* _Record set_
•••
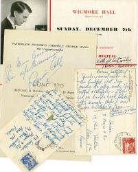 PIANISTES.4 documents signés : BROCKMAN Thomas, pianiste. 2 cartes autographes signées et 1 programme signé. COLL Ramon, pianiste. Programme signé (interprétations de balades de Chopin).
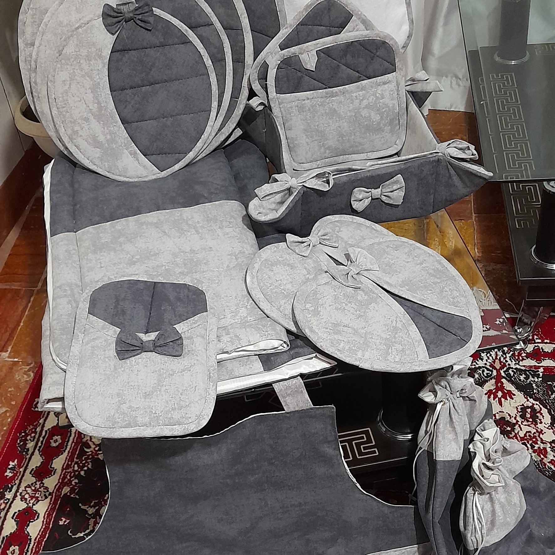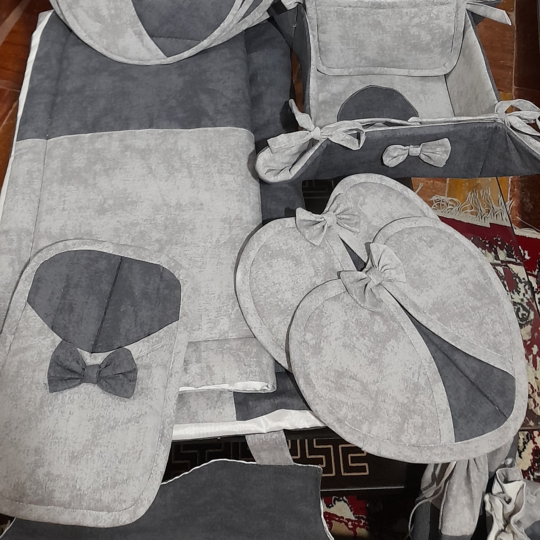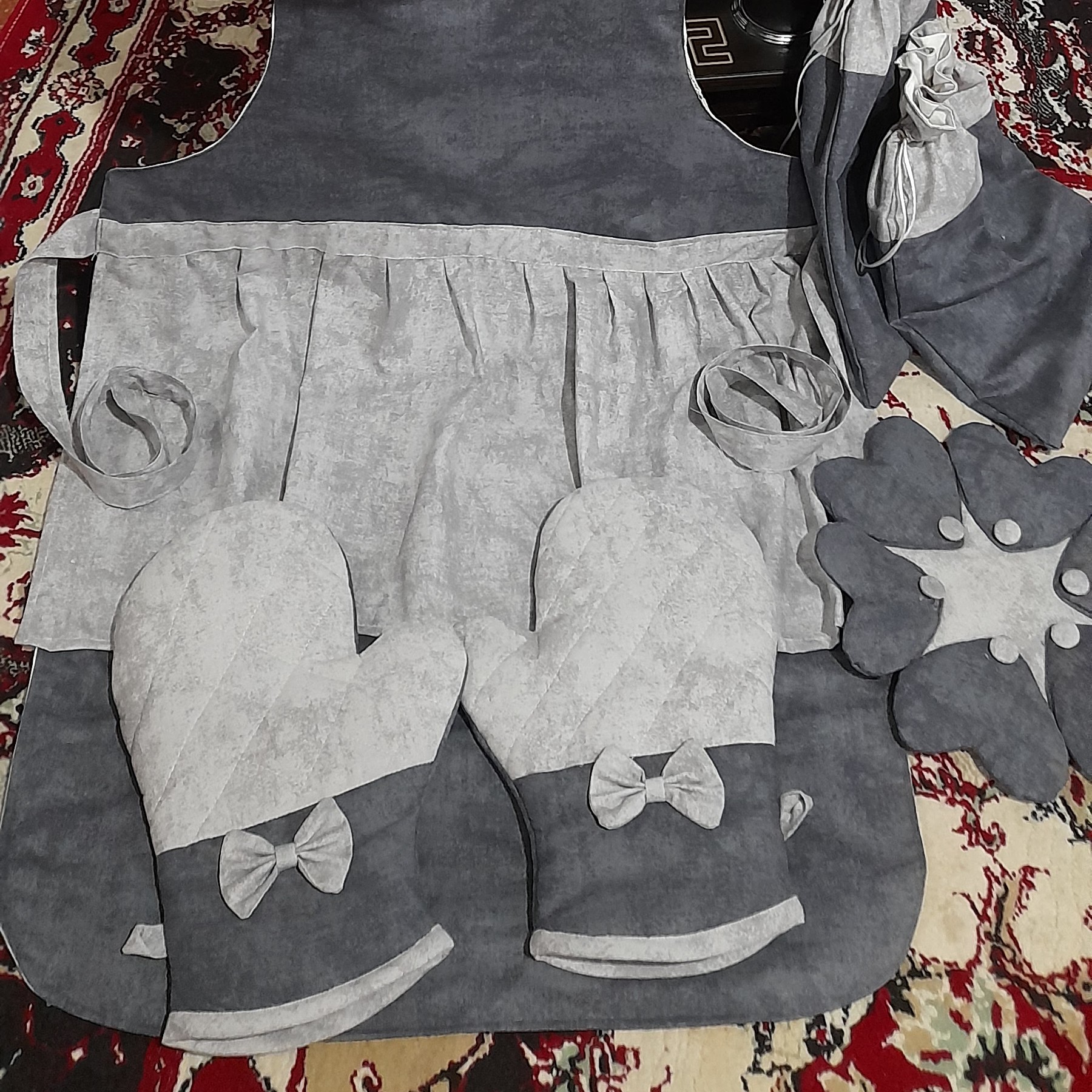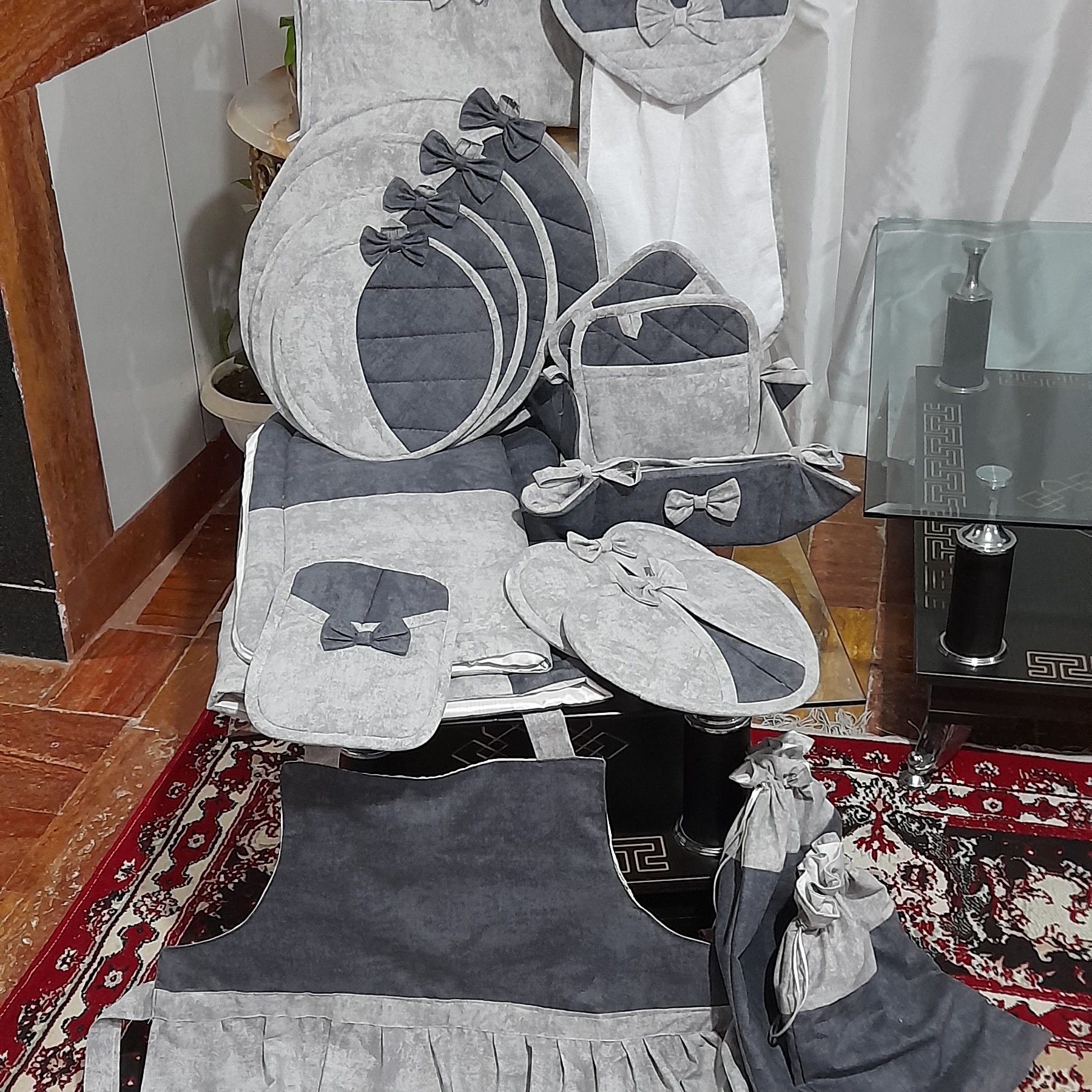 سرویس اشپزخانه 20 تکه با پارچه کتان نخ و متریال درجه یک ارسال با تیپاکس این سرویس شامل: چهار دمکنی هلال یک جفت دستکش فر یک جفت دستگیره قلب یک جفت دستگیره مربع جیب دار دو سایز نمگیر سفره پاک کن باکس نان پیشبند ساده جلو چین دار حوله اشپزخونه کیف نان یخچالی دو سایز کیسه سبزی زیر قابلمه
•••
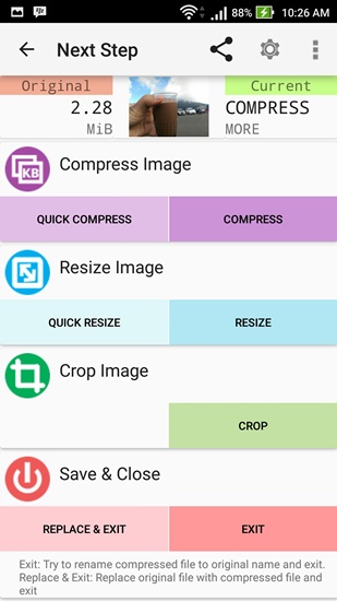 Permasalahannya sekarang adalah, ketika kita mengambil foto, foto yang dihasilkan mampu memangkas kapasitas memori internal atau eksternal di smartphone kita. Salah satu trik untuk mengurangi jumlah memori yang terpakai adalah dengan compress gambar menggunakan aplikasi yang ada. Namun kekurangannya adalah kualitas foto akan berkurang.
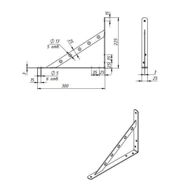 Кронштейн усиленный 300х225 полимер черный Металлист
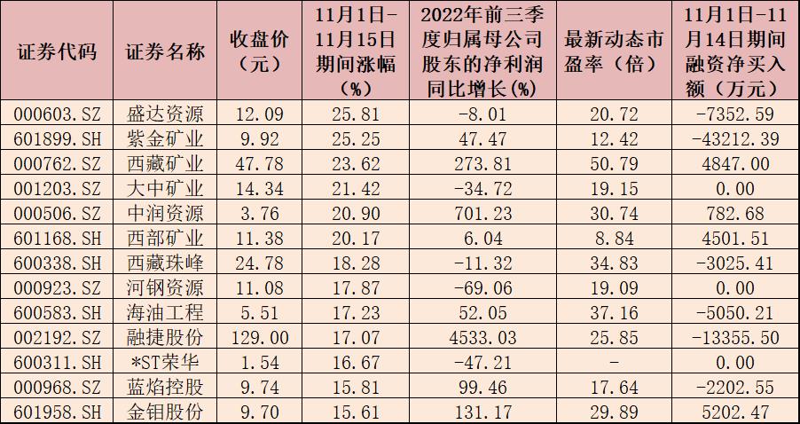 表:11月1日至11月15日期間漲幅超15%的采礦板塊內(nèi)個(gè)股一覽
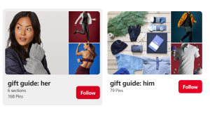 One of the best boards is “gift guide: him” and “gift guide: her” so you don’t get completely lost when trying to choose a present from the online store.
•••
* _Exercise goal_
Within the listing above, write out the stretch from the line with "PIANISTES.4 documents signés" through the line with "سرویس اشپزخانه 20" exactly. Any pictures are to be left out.

* _Reply to the exercise_
 PIANISTES.4 documents signés : BROCKMAN Thomas, pianiste. 2 cartes autographes signées et 1 programme signé. COLL Ramon, pianiste. Programme signé (interprétations de balades de Chopin).
 سرویس اشپزخانه 20 تکه با پارچه کتان نخ و متریال درجه یک ارسال با تیپاکس این سرویس شامل: چهار دمکنی هلال یک جفت دستکش فر یک جفت دستگیره قلب یک جفت دستگیره مربع جیب دار دو سایز نمگیر سفره پاک کن باکس نان پیشبند ساده جلو چین دار حوله اشپزخونه کیف نان یخچالی دو سایز کیسه سبزی زیر قابلمه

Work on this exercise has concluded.